- Opening Delimiter -
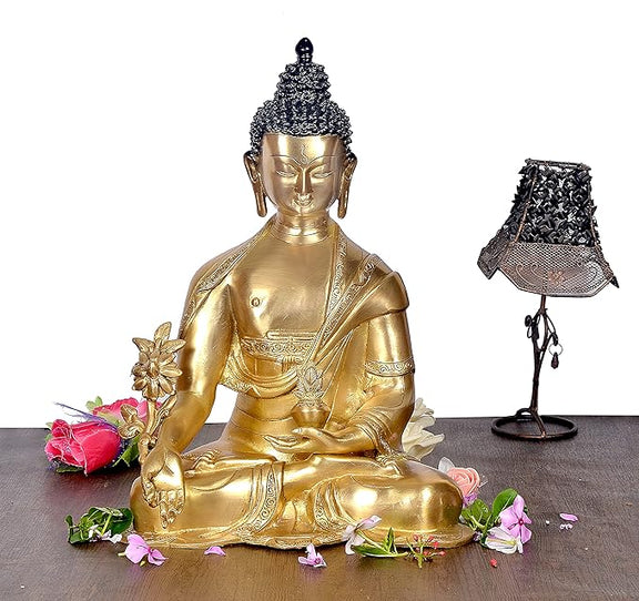 Add an artistic touch to your home with our Brass Medicine Buddha Statue. Crafted with intricate details, this 15-inch statue exudes elegance and spiritual beauty. Made of high-quality brass, it symbolizes health, healing, and inner peace. Grace your space with this exquisite Buddha religious statue.
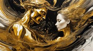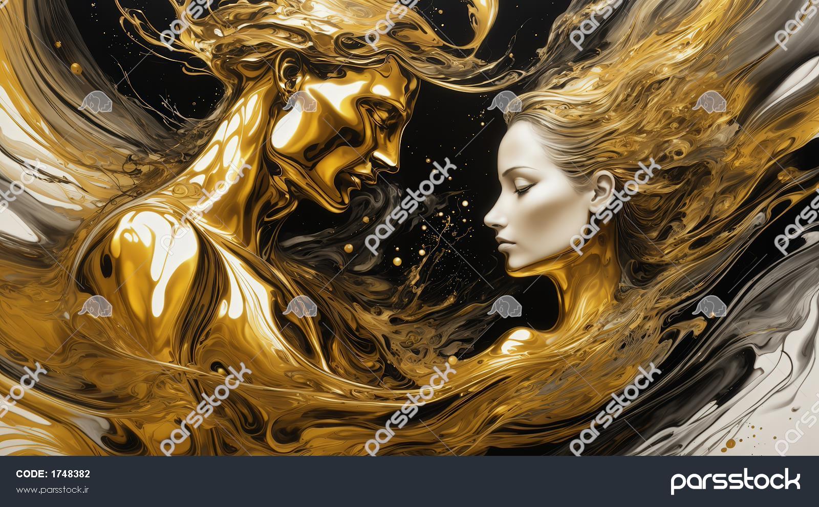 طرح عاشقانه زوج رو به هم با تم طلایی و سیاه برای چاپ روی پرده
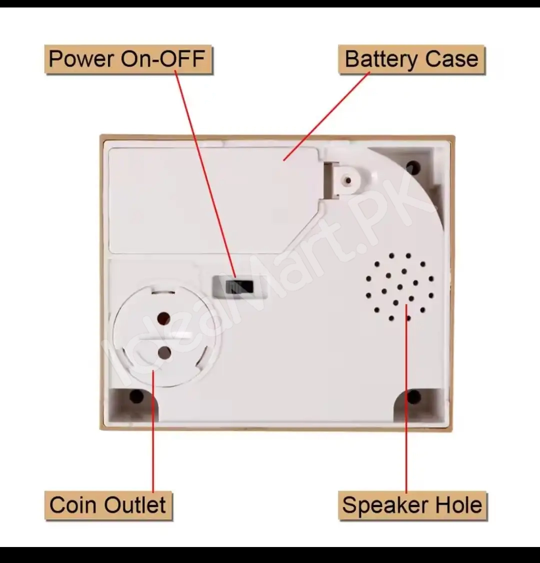 - Light & Sound Effects: Plays music and lights up when a coin is inserted, making every deposit exciting.
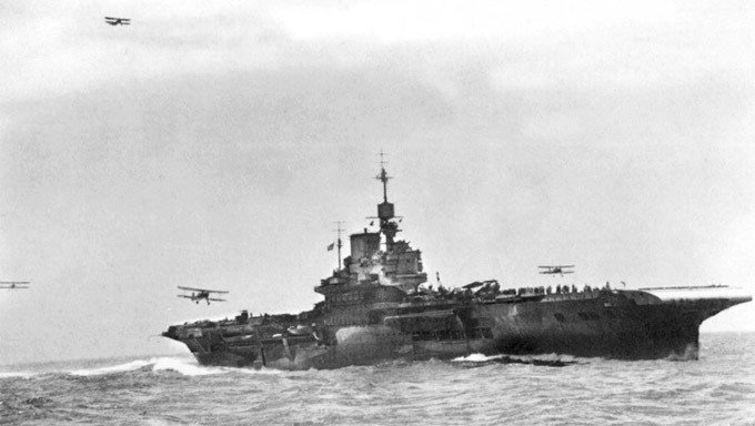 Hàng không mẫu hạm Anh Illustrious đưa các chiến đấu cơ tới tấn công dàn tàu chiến của Hải quân Italia. Ảnh: NYT
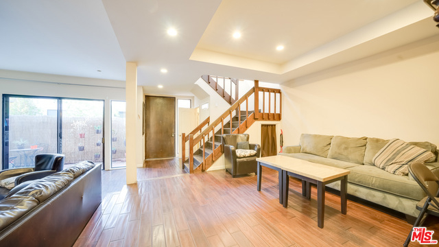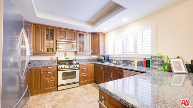 Rare opportunity to own a 4-bedroom, 3.5 bath Town home in Beverly Hills! There is no other product like this on the market! Large town home, single family feel, with access to Beverly Hills school district in a secure building walking distance to La Cienega Park and Restaurant Row. This exceptional 3-level town home is spacious with a formal entry, dining room area, living room with fireplace and large sized bedrooms. Hardwood floors throughout, granite counter-tops in the kitchen with all new appliances, and skylight leading up to the top floor. The complex includes a pool/spa, full camera security system, beautiful landscaping, and a gated garage with 3 side by side parking spaces.
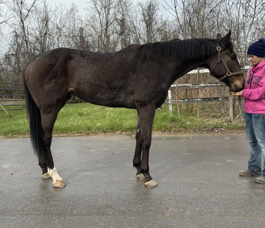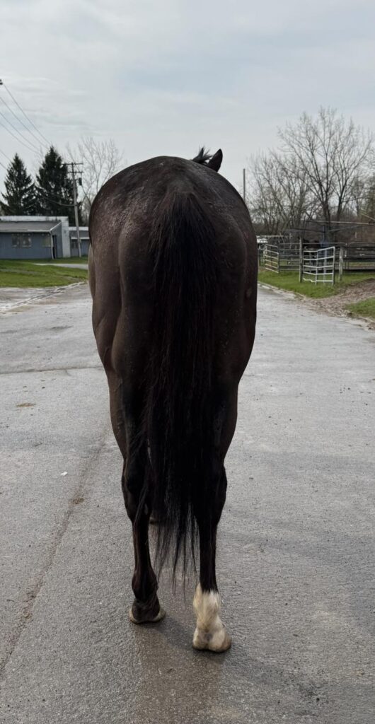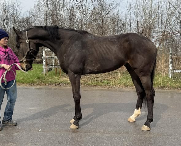 Tall, dark, and handsome? Check, check, check. Mudville Nine will check all those boxes and more. This very sweet guy is reported to be very easy to work around and a pleasure to have in the barn. The only not so perfect barn mannerism is that he gives nasty faces when he has his grain. His connections believe that this may be because he was so low in the pecking order while being turned out over the winter.
- Closing Delimiter -
» **What you have to do**: Quote the lines above exactly, starting with the one that has "طرح عاشقانه زوج" and ending with the one that has "Hàng không mẫu"; drop the pictures and include nothing else.

» **Answer to this task**:
 طرح عاشقانه زوج رو به هم با تم طلایی و سیاه برای چاپ روی پرده
 - Light & Sound Effects: Plays music and lights up when a coin is inserted, making every deposit exciting.
 Hàng không mẫu hạm Anh Illustrious đưa các chiến đấu cơ tới tấn công dàn tàu chiến của Hải quân Italia. Ảnh: NYT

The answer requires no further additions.